Dataset section below:

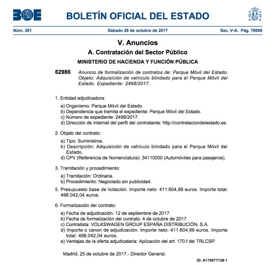 Tal y como informaba entonces ABC, este vehículo se compró en el 14 de septiembre del año 2017. Lo estuvo usando Mariano Rajoy hasta la moción de censura que concluyó el 1 de junio. El Boletín Oficial del Estado anunciaba la adquisición del coche blindado el 28 de octubre de 2017.
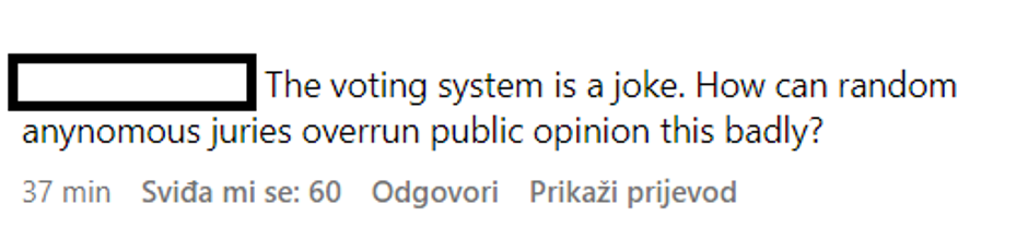 - Izborni sistem je smiješan. Kako mogu anonimni žiriji nadglasati publiku ovako jako? – pita se u komentarima jedan gledatelj.
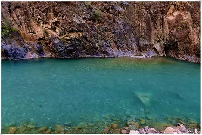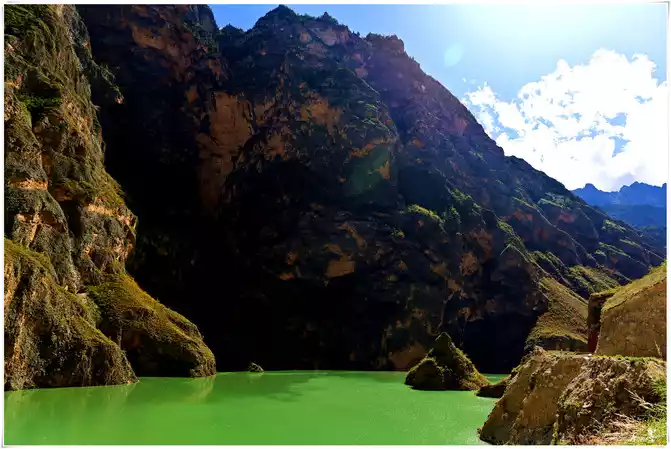 The water of the Dongwang River is emerald green, and it is quiet like an emerald embedded in the valley floor under the sun.
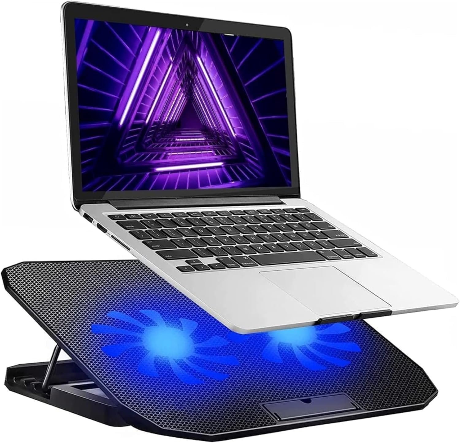 Dyazo Laptop cooler is Featuring 2 high-capacity fans renowned for their exceptional efficiency and ultra-quiet operation. This laptop stand offers 4 inclination angle options to accommodate your preferences and requirements.

End of Dataset section.

Task statement:
Your copy should hold only the lines from the line with "The water of" through the end of the data above, both ends included, transcribed exactly and without pictures.

Result of the exercise:
 The water of the Dongwang River is emerald green, and it is quiet like an emerald embedded in the valley floor under the sun.
 Dyazo Laptop cooler is Featuring 2 high-capacity fans renowned for their exceptional efficiency and ultra-quiet operation. This laptop stand offers 4 inclination angle options to accommodate your preferences and requirements.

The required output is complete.